As an example dataset, this notebook uses data on the US National Parks available via the United States National Park Service Data API.

Definitions
------------------

- **API**: Application Programming Interface. A special page on a website that provides structured data for other programs and applications.
    + **REST**: Newer API format, easily accessed via URL, returns data in a variety of formats including JSON 
    + **SOAP**: Older API format, more complex, accepts queries and returns data in XML only


- **GET Request**: An HTTP command to retrieve code and data from a website. GET requests can be made in a variety of ways; the Requests library offers a very easy way to make GET requests from Python.


- **JSON**: JavaScript Object Notation. A common format of structuring data, analogous to a Python dictionary.

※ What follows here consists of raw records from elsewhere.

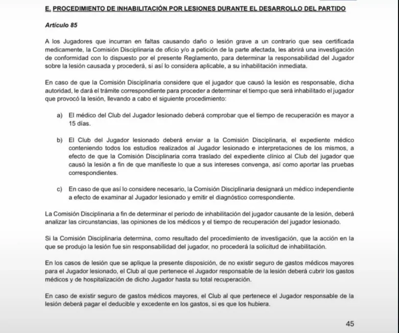 La fractura de Mier además agrava la situación de Carrasquilla. Aunque la falta no haya tenido intención maliciosa, el reglamento no distingue intencionalidad cuando el resultado es una lesión severa producto de una entrada temeraria. Eso abre la puerta a un castigo retroactivo.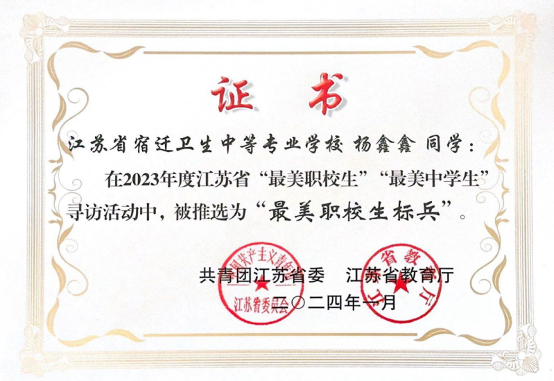 近日,共青团江苏省委、江苏省教育厅联合举办的2023年全省“最美职校生标兵”“最美职校生”寻访活动评选结果揭晓。宿迁卫校2019级高助1班杨鑫鑫脱颖而出,荣获江苏省“最美职校生标兵”称号。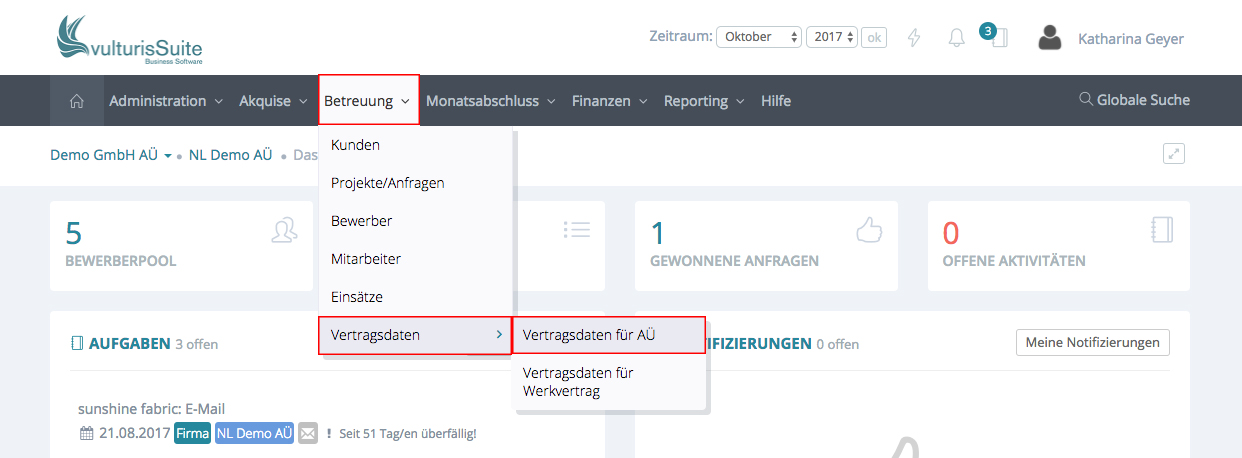 Um neue Vertragsdaten für z. B. für die Arbeitnehmerüberlassung anzulegen klicken Sie bitte in der Menüleiste auf Betreuung-> Vertragsdaten –> Vertragsdaten für AÜ. Das gleich geht natürlich auch für Werkvertrag, dazu wählen Sie dann Vertragsdaten für Werkvertrag aus. In unserem Beispiel bleiben wir bei einem Kundenvertrag für die Arbeitnehmerüberlassung.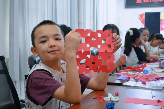 活动尾声,孩子们举着各自的作品笑靥如花:有的剪出了富有童真的爱心,有的裁出绽放的花朵,还有的将维吾尔族特色花纹融入红纸之上,是童心与匠心的共舞,是民族文化的交响。

- **Base URL**: The website URL for all API data. A variety of endpoints can be added to the base URL.
    > NPS Base URL: `https://developer.nps.gov/api/v1`

- **Endpoint**: The specific URL where the API page can be found. Each website might have multiple endpoints that return different kinds of data. 
    > Parks Endpoint: `https://developer.nps.gov/api/v1/parks`


- **Parameter**: An additional criterion that is added to the endpoint to filter data returned. Parameters are usually added to the endpoint with a `?` character, and are in the format of `field=value`. Multiple parameters can be added to an endpoint, separated by a `&`.
    > parkCode, stateCode, and limit parameters: `https://developer.nps.gov/api/v1/parks?parkCode=yell&stateCode=WY&limit=5`
    

- **API Key**: A string of characters assigned by the website to identify the user requesting data via the API. For many API services, an API Key is required when making a request.
    > National Parks API Key: `https://developer.nps.gov/api/v1/parks?api_key=1mdaBewB37R0kUA2ZtfA6URe7PeUsig6jLQmSXyx` (not a real key!)

NPS Data API
-----------------

The National Park Service (NPS) Data API is a service provided by the United States National Park Service to supply data about natural areas managed by the National Park Service. Data available through the API include 
- park information
- campground information
- alerts, events, news, and educational resources.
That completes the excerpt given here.